Where the line holding "Радиатор Rommer Ventil" appears, start copying, and continue exactly through the last line of the listing, skipping pictures.

### Recorded data:
>>>

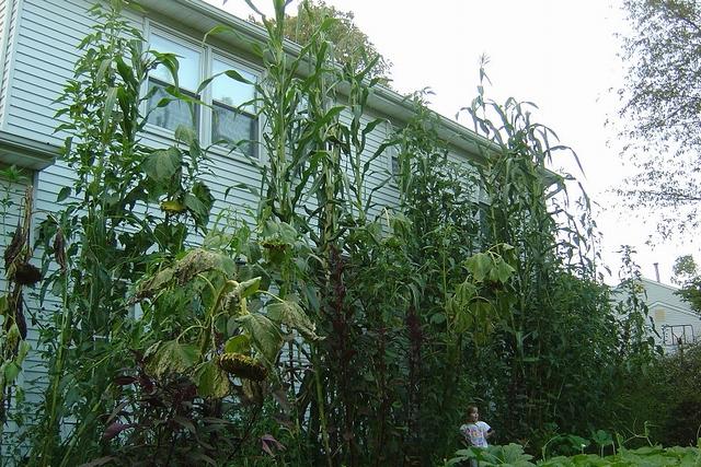 giant maize and giant amaranth plants
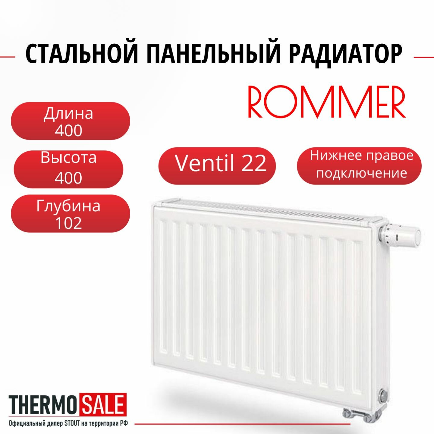 Радиатор Rommer Ventil 22/400/400 нижнее правое подключение, панельный
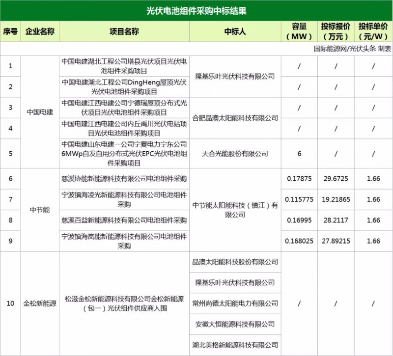 近日,中國電建、中節(jié)能、金松新能源發(fā)布光伏電池組件、光伏逆變器、光伏支架等項目中標(biāo)結(jié)果公告。規(guī)模合計為212.6325MW。
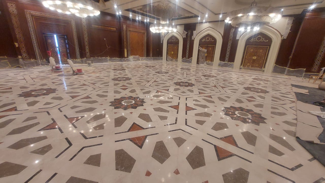 The marble used here tells a story of precision and pride. With subtle veins flowing like quiet prayers across the stone, and cool tones echoing calm and strength, every detail was designed to create a peaceful, dignified atmosphere. From the vast prayer halls to the intricate details in corridors and ablution areas, the marble brings unity and grace to the structure.

<<<

### Solved exercise:
 Радиатор Rommer Ventil 22/400/400 нижнее правое подключение, панельный
 近日,中國電建、中節(jié)能、金松新能源發(fā)布光伏電池組件、光伏逆變器、光伏支架等項目中標(biāo)結(jié)果公告。規(guī)模合計為212.6325MW。
 The marble used here tells a story of precision and pride. With subtle veins flowing like quiet prayers across the stone, and cool tones echoing calm and strength, every detail was designed to create a peaceful, dignified atmosphere. From the vast prayer halls to the intricate details in corridors and ablution areas, the marble brings unity and grace to the structure.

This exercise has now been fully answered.